▶ **What the task requires**: Would you return the lines that run from the start of the data below to the line with "This document is", both included, exactly as written and without pictures?

(Recorded data)
============================================================
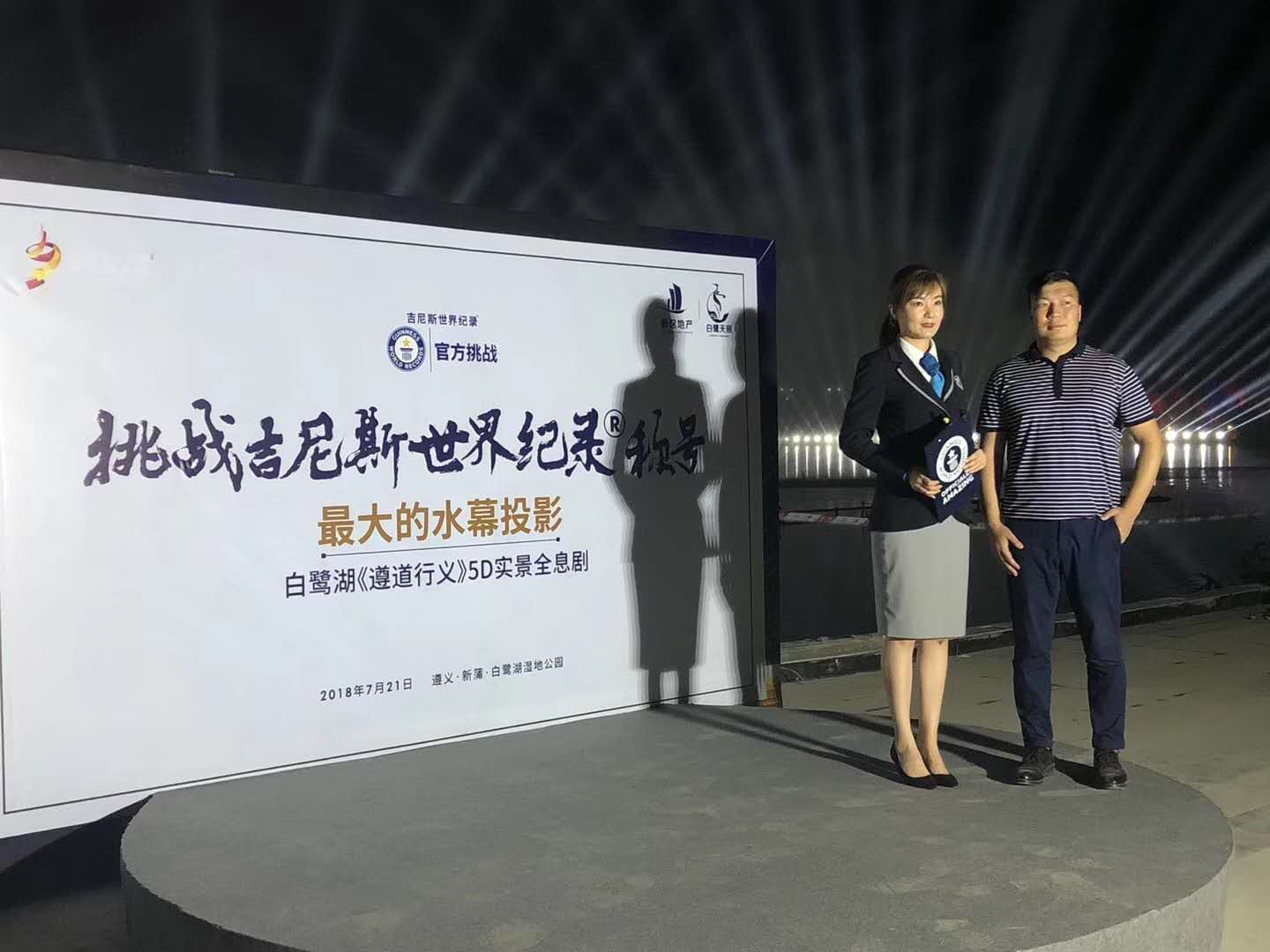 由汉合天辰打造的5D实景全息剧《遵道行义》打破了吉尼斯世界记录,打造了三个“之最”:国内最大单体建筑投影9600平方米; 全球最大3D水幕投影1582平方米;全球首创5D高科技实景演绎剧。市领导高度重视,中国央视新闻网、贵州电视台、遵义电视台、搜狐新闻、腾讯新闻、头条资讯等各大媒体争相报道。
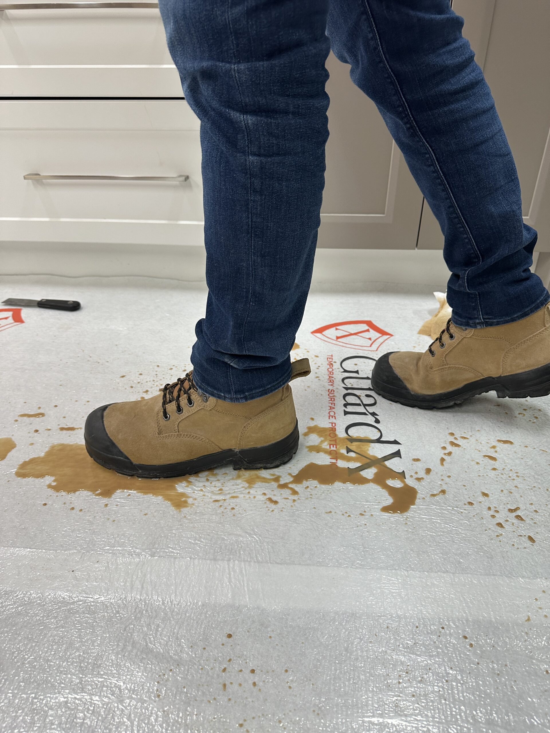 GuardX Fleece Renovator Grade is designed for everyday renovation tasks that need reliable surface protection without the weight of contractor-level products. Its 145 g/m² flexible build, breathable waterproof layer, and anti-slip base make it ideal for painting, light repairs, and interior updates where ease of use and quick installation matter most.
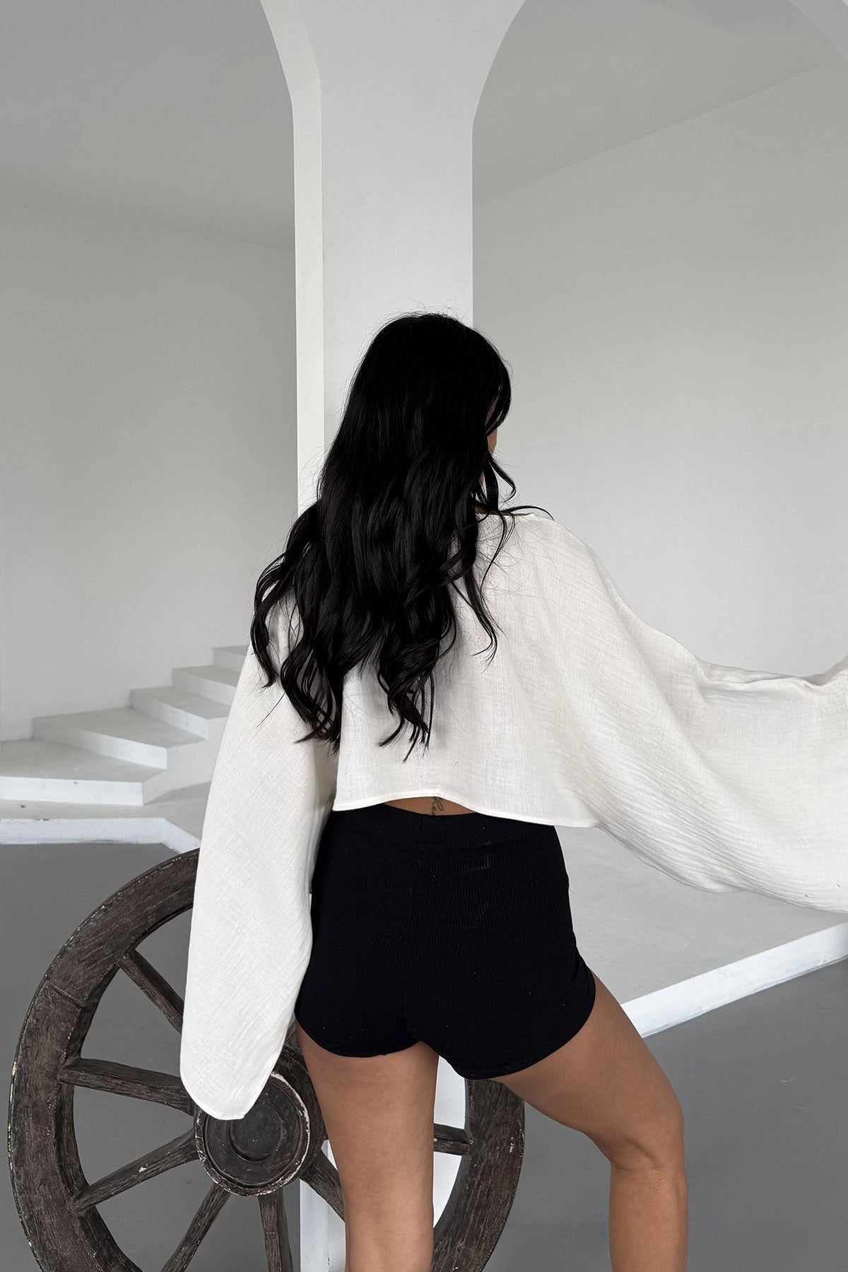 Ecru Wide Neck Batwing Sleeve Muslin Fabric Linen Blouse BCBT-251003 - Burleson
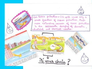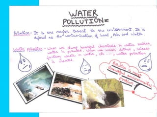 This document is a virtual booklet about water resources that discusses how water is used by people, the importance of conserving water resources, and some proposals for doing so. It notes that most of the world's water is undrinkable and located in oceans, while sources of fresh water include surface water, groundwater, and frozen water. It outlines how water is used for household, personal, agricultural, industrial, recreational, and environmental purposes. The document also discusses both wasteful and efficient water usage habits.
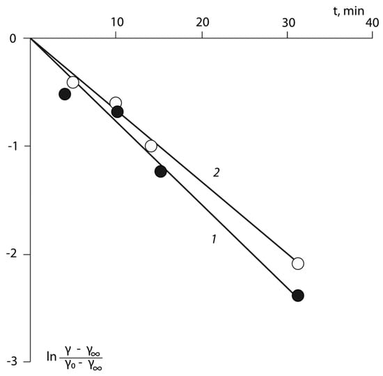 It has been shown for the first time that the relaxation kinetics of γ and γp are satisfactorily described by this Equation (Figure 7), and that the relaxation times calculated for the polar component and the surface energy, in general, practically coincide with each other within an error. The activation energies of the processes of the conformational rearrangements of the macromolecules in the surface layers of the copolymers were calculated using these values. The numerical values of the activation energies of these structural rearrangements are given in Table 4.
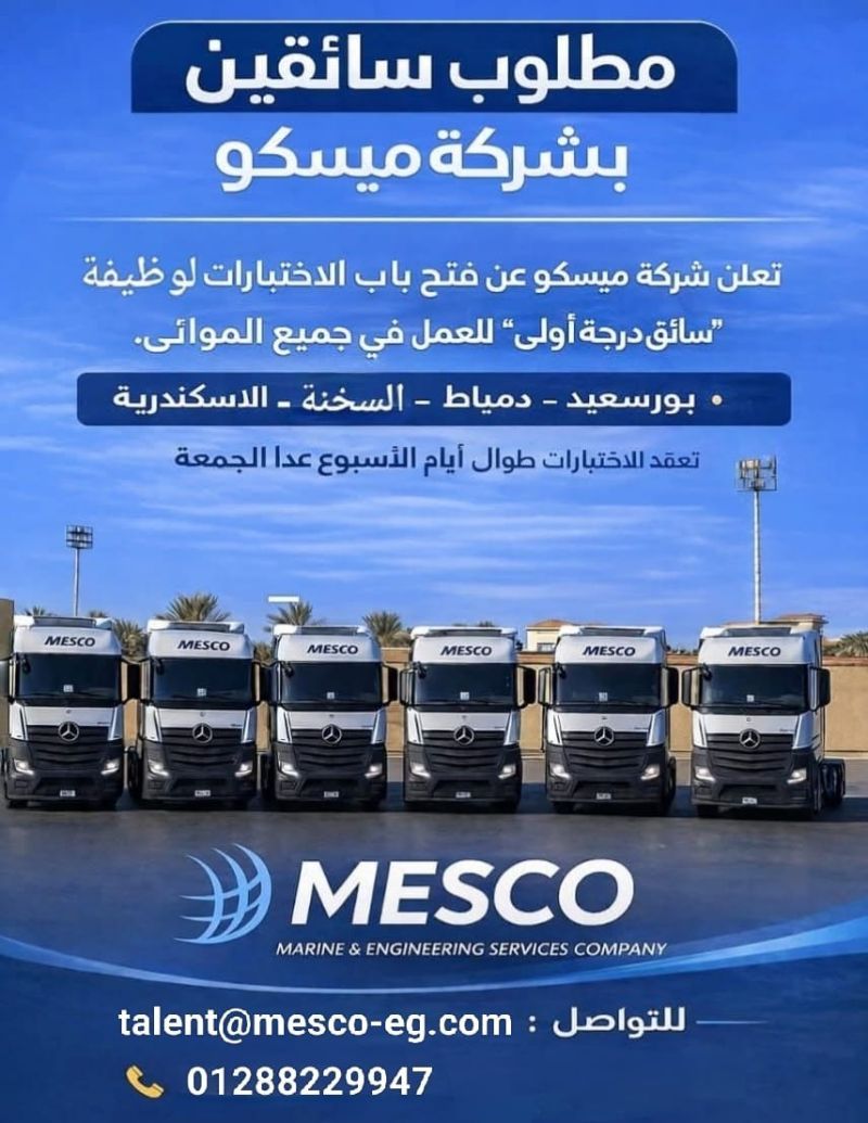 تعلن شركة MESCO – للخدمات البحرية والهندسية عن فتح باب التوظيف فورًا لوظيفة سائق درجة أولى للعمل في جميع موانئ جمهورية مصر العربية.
============================================================
▶ **Response to this task**:
 由汉合天辰打造的5D实景全息剧《遵道行义》打破了吉尼斯世界记录,打造了三个“之最”:国内最大单体建筑投影9600平方米; 全球最大3D水幕投影1582平方米;全球首创5D高科技实景演绎剧。市领导高度重视,中国央视新闻网、贵州电视台、遵义电视台、搜狐新闻、腾讯新闻、头条资讯等各大媒体争相报道。
 GuardX Fleece Renovator Grade is designed for everyday renovation tasks that need reliable surface protection without the weight of contractor-level products. Its 145 g/m² flexible build, breathable waterproof layer, and anti-slip base make it ideal for painting, light repairs, and interior updates where ease of use and quick installation matter most.
 Ecru Wide Neck Batwing Sleeve Muslin Fabric Linen Blouse BCBT-251003 - Burleson
 This document is a virtual booklet about water resources that discusses how water is used by people, the importance of conserving water resources, and some proposals for doing so. It notes that most of the world's water is undrinkable and located in oceans, while sources of fresh water include surface water, groundwater, and frozen water. It outlines how water is used for household, personal, agricultural, industrial, recreational, and environmental purposes. The document also discusses both wasteful and efficient water usage habits.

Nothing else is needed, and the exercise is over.